Task item:
Please give the lines below again exactly as they stand, from the one that contains "Prov. | Comu. |" up to and including the one that contains "廈門網訊(廈門日報記者 陳蓴", leaving all pictures out.

Data supplied:
^^^^
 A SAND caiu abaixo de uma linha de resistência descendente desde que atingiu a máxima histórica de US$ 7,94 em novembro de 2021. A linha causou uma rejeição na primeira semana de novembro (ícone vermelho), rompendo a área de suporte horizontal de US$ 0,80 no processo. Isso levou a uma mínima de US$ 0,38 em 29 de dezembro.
^^^^
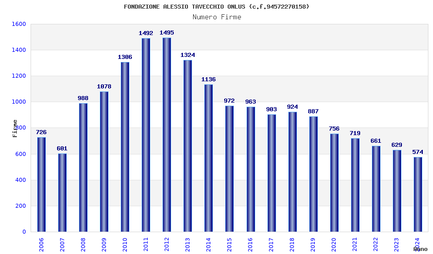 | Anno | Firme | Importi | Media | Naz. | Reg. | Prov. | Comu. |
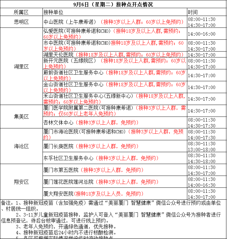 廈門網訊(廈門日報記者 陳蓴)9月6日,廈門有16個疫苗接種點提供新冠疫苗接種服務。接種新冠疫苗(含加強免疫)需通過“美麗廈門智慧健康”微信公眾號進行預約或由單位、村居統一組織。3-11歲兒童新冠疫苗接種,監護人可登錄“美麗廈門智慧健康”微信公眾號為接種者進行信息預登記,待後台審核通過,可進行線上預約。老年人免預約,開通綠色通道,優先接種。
^^^^
Response:
 | Anno | Firme | Importi | Media | Naz. | Reg. | Prov. | Comu. |
 廈門網訊(廈門日報記者 陳蓴)9月6日,廈門有16個疫苗接種點提供新冠疫苗接種服務。接種新冠疫苗(含加強免疫)需通過“美麗廈門智慧健康”微信公眾號進行預約或由單位、村居統一組織。3-11歲兒童新冠疫苗接種,監護人可登錄“美麗廈門智慧健康”微信公眾號為接種者進行信息預登記,待後台審核通過,可進行線上預約。老年人免預約,開通綠色通道,優先接種。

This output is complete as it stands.